Even Windows supports fork() these days, with the POSIX subsystem (available, as far as I know, on any Windows 2000 and later system), so creating a clone of your current process is dirt simple even under Windows. End result: application authors have no good reason to use threads over processes unless they've actually done the math and can prove that their application really needs the slight performance advantage of threads more than the significant reliability advantage of processes.

As to the other reason for using threads, the sharing of memory, there's this really cool new technology out these days. Maybe you've heard of it. It's called "shared memory". It's only been available for 20 years or so. No wonder most people haven't heard of it. Being forced to explicitly declare what's shared and what isn't is a good thing, because it makes you program easier to maintain, easier to debug, and more reliable -- all at the same time.

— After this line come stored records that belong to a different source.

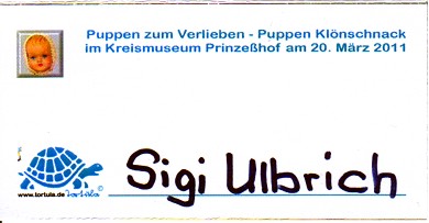 ... Doch diesmal blieben wir ja alle noch zusammen zu unserem Puppen-Klönschnack. Mein Mann hatte für diese Kaffeestunde Tischkarten vorbereitet, damit wir uns alle namentlich ansprechen konnten |
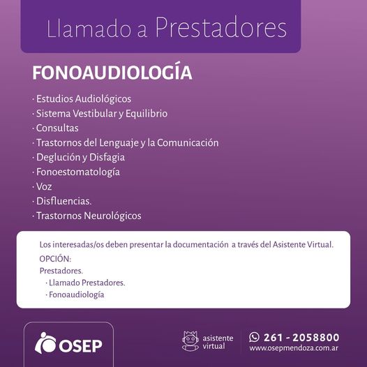 La Obra Social Provincial lanzó una convocatoria para prestadores de Fonoaudiología en las siguientes áreas:
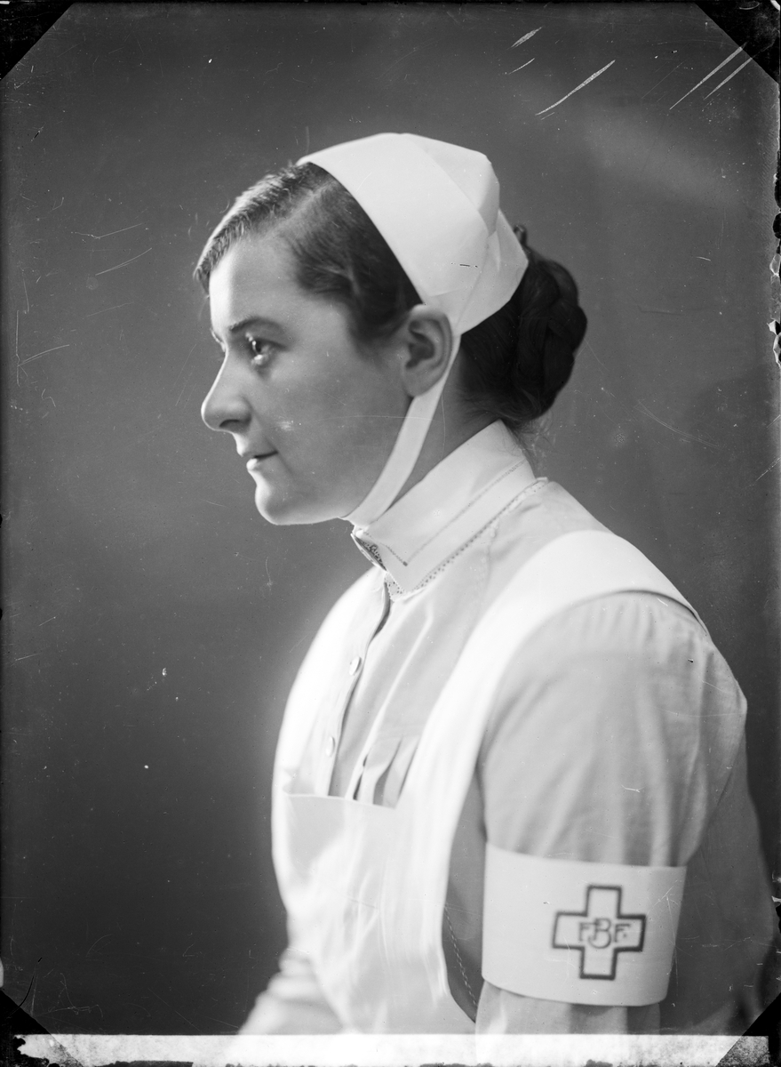 Ateljéporträtt - kvinna i sjukvårdsuniform, Östhammar

The bottom line is this: if you need concurrency in your application, you should be using processes, not threads. If you insist on using threads, you'd better have a damned good reason for it, because the reliability implications of threads are hugely negative while the performance implications are modest at best.

Re:Bah humbug

Unfortunately you say processes have their own memory protection which is better than threads that have to do their own synchronisation when accessing shared memory, but then go on about process-based shared memory needing its own additional protection.

If you need concurrency in your apps, there isn't that much between threads and processes. However, if you need interprocess-communication then you are far better off with threads, they are significantly faster wrt locking than processes as all process-based locks must be done at the OS level, using shared (and finite) system resources. Threads can just use a critical section and have done with it, almost no overhead.

Threads are not more efficient at context switching than processes, the same procedure happens whether a thread is switched, or a process is (in fact, a process is really an app with 1 thread). However, as threads can share memory more efficiently, locking is often not needed as much so they appear to be more efficient.

The best argument for threads v processes is Apache. Personally, I agree with the Apache group that Apache 2 with its thread-based model is better. They should know.

Re:Don't Bother

99.99% of the time

...people who use that phrase don't know what they're talking about, and especially don't grok statistics.

Re:400MB download

Me, I was expecting 100 4MB movies files that you would have to play concurrently.